Despite fears expressed in some quarters of a Ukrainian collapse, there is no sign of one. Ukraine’s approach is to concede some ground while inflicting maximum casualties and equipment losses on Russia and preserving its own forces to fight from newly fortified lines. It is also questionable how much longer Russia can continue to lose more than a thousand men a day, despite huge signing-on bonuses for new recruits. The seemingly inexhaustible stocks of mainly Soviet-era armoured vehicles and tanks it has been able to draw on could be running low by next year. The Institute for the Study of War in Washington reckons that in the Pokrovsk region alone Russia has lost at least five divisions’ worth of tanks and armoured vehicles in the past year.
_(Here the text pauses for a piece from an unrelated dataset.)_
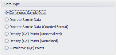 In order for the fitting process to be most effective, the type of data set being analyzed needs to be designated; this is done in the Data Type section of the Data tab (Figure 1, right). Additionally, the list of distributions available will change based on the Data Type that is selected. See Selecting Distributions for Fit for more information about choosing distributions during the fitting process.

Without sufficient armour, dismounted Russian soldiers are easy prey for increasingly capable Ukrainian FPV drones.

There are also signs that Russia’s advantage in artillery has been declining, even as it increasingly depends on unreliable North Korean munitions. Earlier this year Russia was firing ten times as many shells as the Ukrainians. But according to Ukrainian sources, the gap has now closed to 2.5:1. Ukraine is receiving more shells from its allies; its own production has speeded up; and strikes on Russian ammunition storage depots have been both effective and spectacular. However, Ukraine, still forbidden to use long-range Western missiles against targets in Russia, has no answer to the deadly glide bombs launched by aircraft from Russian airspace that have become its adversary’s most potent battlefield weapon.

For all the current despondency about Ukraine’s prospects, Russia is far from achieving its main aim: of gaining control over Donetsk and Luhansk provinces, which make up the Donbas region, by the end of this year. And despite setting the goal of driving Ukrainian forces from Kursk by the start of this month, it now looks as if that will take much longer and require substantially greater forces than Moscow has so far been able to commit.

The battle where Russia is unambiguously succeeding, says Mr Lange, is in the “information space”. The notion that Ukraine cannot win, he argues, is becoming a self-fulfilling prophecy and an excuse for Western leaders to withhold from Ukraine what it needs to prevail. A pattern has emerged in which promised military support arrives late or not at all. As Phillips O’Brien, an American commentator, has noted, American aid actually disbursed to Ukraine so far this year is sharply down on the amount sent in 2023.